#### [Exercise instructions]
Print exactly the lines that run from the first line of the material to the line containing "This Cherished Teddies", both ends included, and skip the pictures.

#### [Data segment]
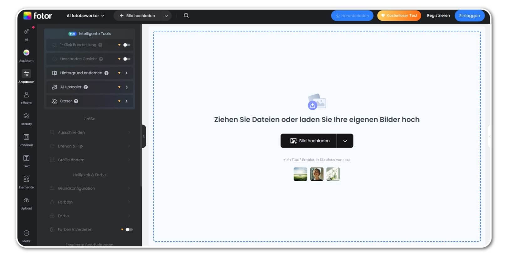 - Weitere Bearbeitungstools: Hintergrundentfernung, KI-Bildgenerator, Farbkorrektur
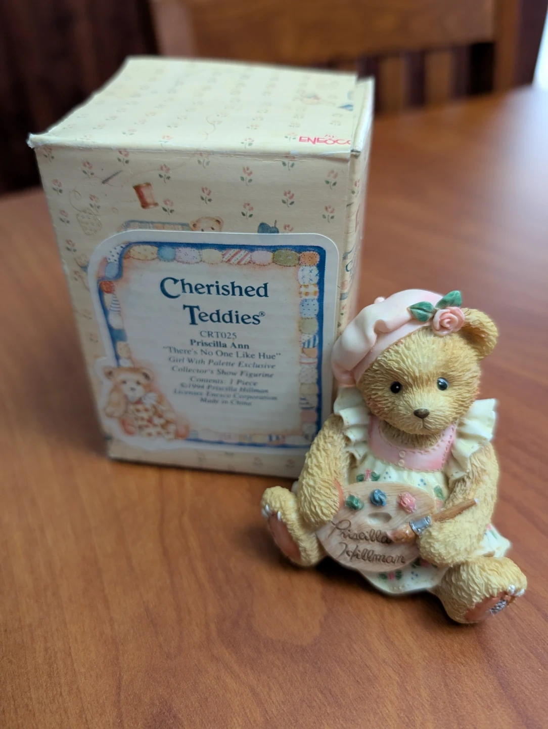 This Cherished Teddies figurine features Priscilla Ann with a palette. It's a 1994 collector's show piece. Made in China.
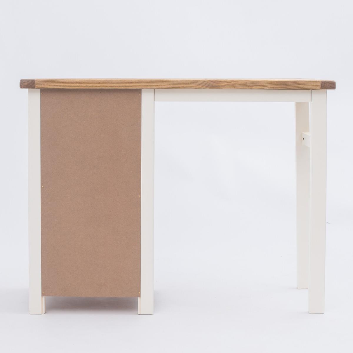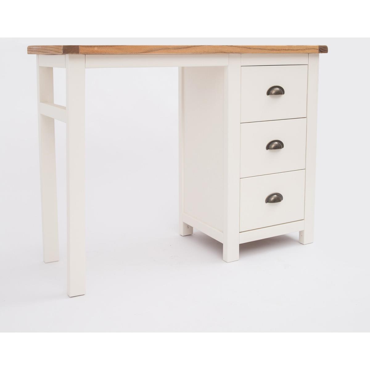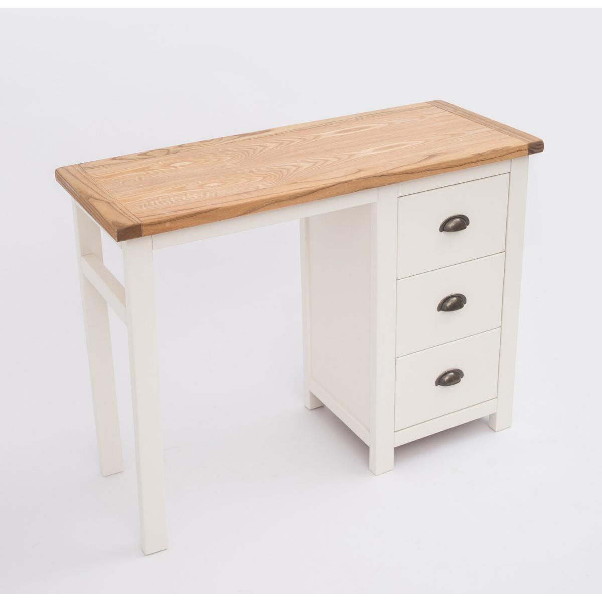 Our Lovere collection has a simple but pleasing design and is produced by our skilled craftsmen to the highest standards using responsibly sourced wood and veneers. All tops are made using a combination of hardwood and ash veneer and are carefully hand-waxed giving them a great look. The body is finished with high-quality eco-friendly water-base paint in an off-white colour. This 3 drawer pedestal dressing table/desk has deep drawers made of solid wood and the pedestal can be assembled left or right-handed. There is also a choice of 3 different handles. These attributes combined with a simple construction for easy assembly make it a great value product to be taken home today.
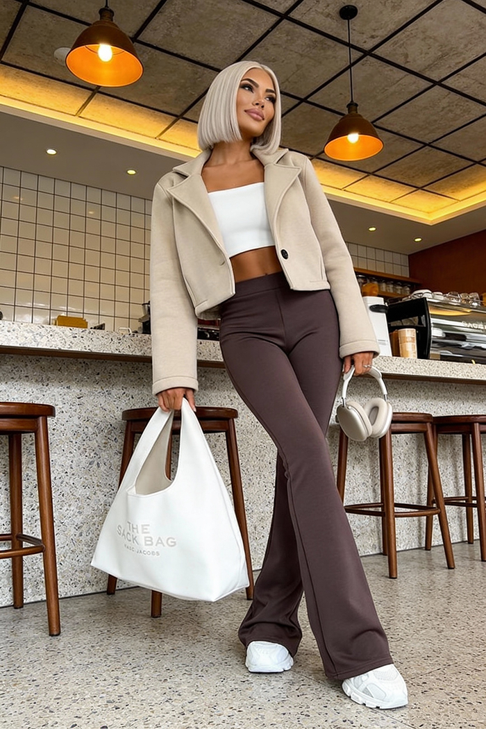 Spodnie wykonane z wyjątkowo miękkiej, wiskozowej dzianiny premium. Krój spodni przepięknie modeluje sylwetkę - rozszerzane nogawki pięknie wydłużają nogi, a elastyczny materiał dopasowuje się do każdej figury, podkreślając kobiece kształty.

#### [Problem solution]
 - Weitere Bearbeitungstools: Hintergrundentfernung, KI-Bildgenerator, Farbkorrektur
 This Cherished Teddies figurine features Priscilla Ann with a palette. It's a 1994 collector's show piece. Made in China.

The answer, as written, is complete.